Since there is no NSP task, the Pooler cannot be trained, so there is no need to add the Pooler to the model.
Therefore, you need to save the embedding and encoder separately when saving,
and read the embedding and encoder separately when loading, so that the trained model cannot get the sentence representation of the CLS layer.
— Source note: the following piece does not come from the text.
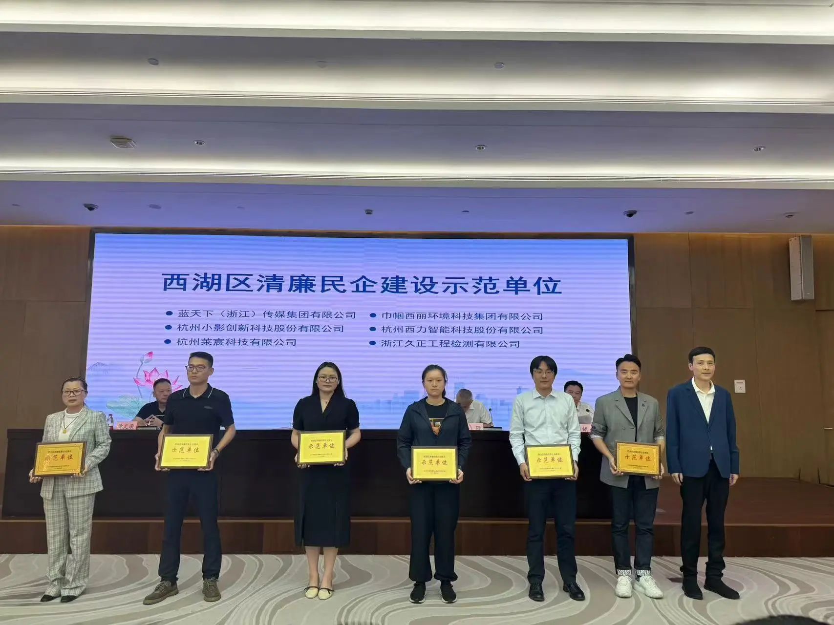 會(huì)議通報(bào)了2023年度西湖區(qū)清廉民企建設(shè)示范單位名單,并為西力科技在內(nèi)的18家清廉民企建設(shè)示范單位授牌。

If necessary, you can manually pool it.
torch.save(bert_mlm_model.bert.embeddings.state_dict(), os.path.join(config.save_path, 'bert_mlm_ep_{}_eb.bin'.format(config.epochs)))
torch.save(bert_mlm_model.bert.encoder.state_dict(), os.path.join(config.save_path, 'bert_mlm_ep_{}_ec.bin'.format(config.epochs)))
For loading, after instantiating the bert model, use bert's embedding component and encoder component to read the two weight files respectively.
At this point, the content of this issue is all over. I hope that students who have read this blog can have a deeper understanding of the basic principles of Bert.